Carissimi …. Oggi sfato un “tabù” e parlo di una cosa “seria”, il “calcio”!
Certo, per farsi prendere sul serio oggi, bisogna avere un’opinione sulle vicende calcistiche. Professionalmente ho affrontato prove importanti di ogni tipo, ma soltanto dopo un paio di ospitate in TV in programmi che parlano del Palermo, ho guadagnato visibilità e la stima del custode che la mattina in ufficio mi apre la porta d’ingresso chiedendomi un pronostico sulla prossima partita. Fino a quel momento costui non aveva percepito che a suo giudizio io fossi una persona “mediamene importante”.
Avrei potuto essere chi per primo scrisse “E=mc2”, ma se non avessi capito nulla di pallone, non sarei stato nessuno.
Non ci sono degli studi specifici e delle università che ci preparano a questo mestiere di “opinionisti di pallone”, malgrado ci sia chi ci abbia tentato, ancora non esiste una “laurea”.
Il palermitano qualunque, che già di suo è “u miegghiu”, se poi parla anche di pallone, diventa un “mito”.
Benchè logiche legate a interessi commerciali hanno cambiato radicalmente i dettagli di questo vecchio gioco di squadra nato verso la fine dell’ottocento in Inghilterra, malgrado siano scomparsi dei punti certi del credo calcistico, come “la partita giocata di Domenica dopo pranzo” o “la durata di novanta minuti”, il calcio mantiene intatto il suo fascino.
Si “opinionizza” per ore e ore su una palla che adesso per un periodo imprecisato a parere di un direttore di gara, rotola su un piano delle dimensioni di 110 m per 70 m, nella speranza che finisca in una delle due reti, contrapposte e difese da due squadre di undici elementi ciascuno.
Il calcio è cambiato, ma non il suo fascino è vero, sono caduti certi dogmi.
Ad esempio chi ricorda i bei periodi nei quali, a un certo punto dell’incontro calcistico, nei gradoni della “curva sud” un omaccione, dotato di un vocione baritonale, richiamava l’attenzione del collaboratore del direttore di gara che agiva sotto la tribuna gridando: “segnalino, diccillu all’arbitro che è curnutu!”. Questa invocazione era seguita da un’ovazione e un coro unanime che esternava gridando “cornuto!” e tutto si fermava li, tra le risate collettive, quando ancora non esistevano gli “ultras” organizzati.

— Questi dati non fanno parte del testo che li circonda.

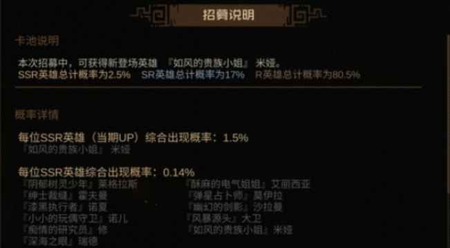 游戏内基础卡池中,SSR角色抽取概率为2.5%,SR为17%,R为80.5%。该分布符合主流卡牌产品的设计惯例。但需特别注意UP卡池的叠加规则:当期UP角色在SSR层级中的实际综合出货率为0.14%,即每千次抽卡理论期望值约为1.4个目标角色。这意味着即便达成SSR保底,也不等同于锁定UP角色。
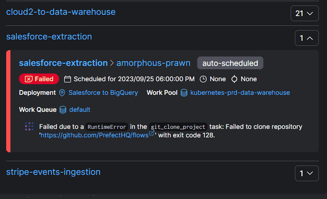 Additionally, if a Prefect team is using error summaries powered by MarvinAI, they can quickly see the source of workflow failures at a glance in the UI.

Anche questo gesto divertito e divertente, sarebbe oggi di difficile interpretazione poiché, quale dei “segnalinee” avrebbe dovuto riportare il messaggio al direttore di gara, perché oggi non si parla più di terna arbitrale, bensì di sei arbitri, in comunicazione tra di loro con radiomicrofoni e auricolari (cinque in campo e uno tra le panchine, chiamato ancora “quarto uomo”)?
Così di calcio per sentirci importanti, vorremmo parlarne tutti, dall’esperto conduttore di talk-show all’uomo comune che funge da pubblico e che a sua volta diviene opinionista, quando gli si chiedono i pronostici.
Quale migliore occasione per lui, visto da tutti i parenti da casa, ricevuto il microfono, evitando di non scadere con termini dialettali, per fornire una “perla di saggezza” da incorniciare, quale: “Ce la dovessimo fare, anzi, avessimo a vincere!” Esternazioni in un italiano meritevole di attenzioni da parte dell’Accademia della Crusca e frutto di un’incipiente “congiuntivite” che per fortuna lascerà incolumi gli occhi.…Un abbraccio, Epruno.